I tried updating, but it seems that somehow triggered hdf5 to not be parallel?
That is the initial cmake command (which was working before). I'm not sure what to try next.
I tried and here is what works for me
mpi-environment.yaml
name: samurai-env
channels:
- conda-forge
dependencies:
- cmake
- ninja
- xtensor<0.26
- highfive>=2.10
- fmt
- pugixml
- cxxopts
- cli11<2.5
- pytest
- h5py
- openmpi
- libboost-mpi<1.87 # MPI seems broken with 1.87 with the error : symbol not found in flat namespace '_PyBaseObject_Type'
- libboost-devel
- libboost-headers
- hdf5=*=mpi*
Dockerfile
ARG base=ghcr.io/converged-computing/flux-openmpi:ubuntu2204
FROM ${base}
WORKDIR /opt
RUN wget https://github.com/conda-forge/miniforge/releases/latest/download/Miniforge3-Linux-x86_64.sh && \
chmod +x Miniforge3-Linux-x86_64.sh && \
bash Miniforge3-Linux-x86_64.sh -p /opt/miniconda -b
ENV PATH=/opt/miniconda/bin:$PATH
COPY ./mpi-environment.yaml ./mpi-environment.yaml
RUN mamba env create --file ./mpi-environment.yaml
SHELL ["conda", "run", "-n", "samurai-env", "/bin/bash", "-c"]
RUN mamba install -y cxx-compiler
RUN git clone https://github.com/hpc-maths/samurai /opt/samurai && \
cd /opt/samurai && \
cmake . -Bbuild -GNinja \
-DCMAKE_BUILD_TYPE=Release \
-DWITH_MPI=ON \
-DBUILD_DEMOS=ON && \
cmake --build ./build --config Release --target finite-volume-advection-2d
Hope this will help !
Thank you!
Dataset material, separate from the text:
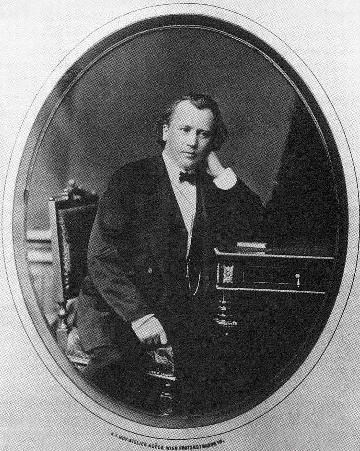
Portrait de Johannes Brahms, vers 1873 (auteur inconnu)

I should be able to test again this week! I'm epically flailing with ebpf in containers at the moment. 😆
ok - container is built and finite volume is working in a test environment!
Here are the options I see:
How should I run this starting at 4 nodes up to (likely) 64? What kind of scaling, what parameters to set (and how to change, if needed, aside from the nodes and tasks) and what is the FOM?
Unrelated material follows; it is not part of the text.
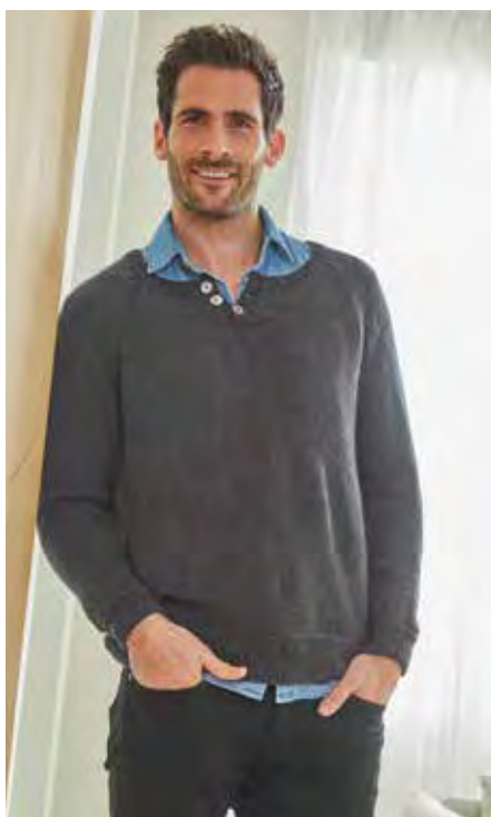
MARTIN S9206 | Magazin 043 Merino Moments

I'm off to bed but can run these tomorrow.
Nice !
The first thing you can do is to try to run the example without the adaptive mesh. To do this, you have to set min_level=max_level. If you are doing a strong scaling measure, you can start with a max_leve=min_level=14.
For the weak scaling, you need to increase the number of levels depending on the number of subdomains. The domain is divided in the y-direction and the number of cells in each direction is $2^{level}$.
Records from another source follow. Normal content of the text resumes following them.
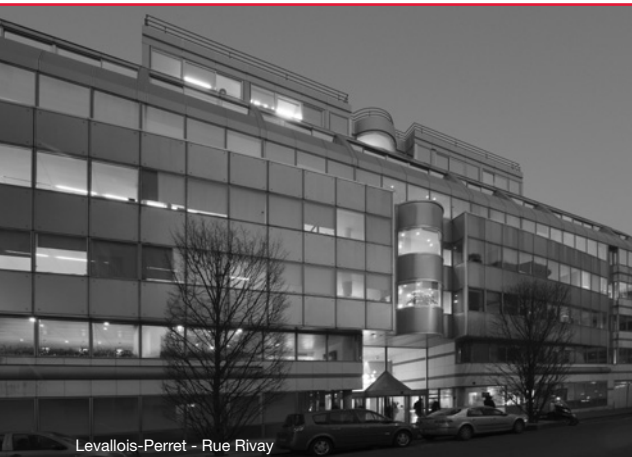
Levallois-Perret - Rue Rivay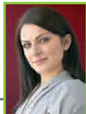
Cortésía: Alexandra Nechita

"Lo importante es la emoción o la sensación que algo te provoca; eso es lo que terminas por pintar, y no el objeto en sí. Si yo estoy pintando una lámpara, estoy pintando lo que esa lámpara significa para mí." (Alexandra, en una entrevista para el Orange County Register , en junio de 2003).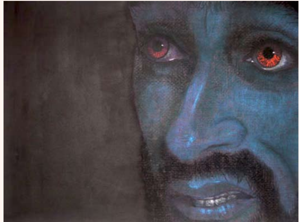
Petrus Pastel op doek 80 x 110 cm 2006

Do you have an example with strong scaling? Or just use min and max == 14 and give more resources?
I would basically do:
flux run -N4 -n352 ./finite-volume-advection-2d --min-level=14 --max-level=14
flux run -N8 -n704 ./finite-volume-advection-2d --min-level=14 --max-level=14
...
Up to the largest size (likely 64). Is the FOM just the duration?
Yes. I think it is enough. Maybe, you should remove the I/O, because otherwise you will write a big file and most of the time will be consumed by this task.
To remove the I/O, you just have to comment the lines where you have the save function called in the main function.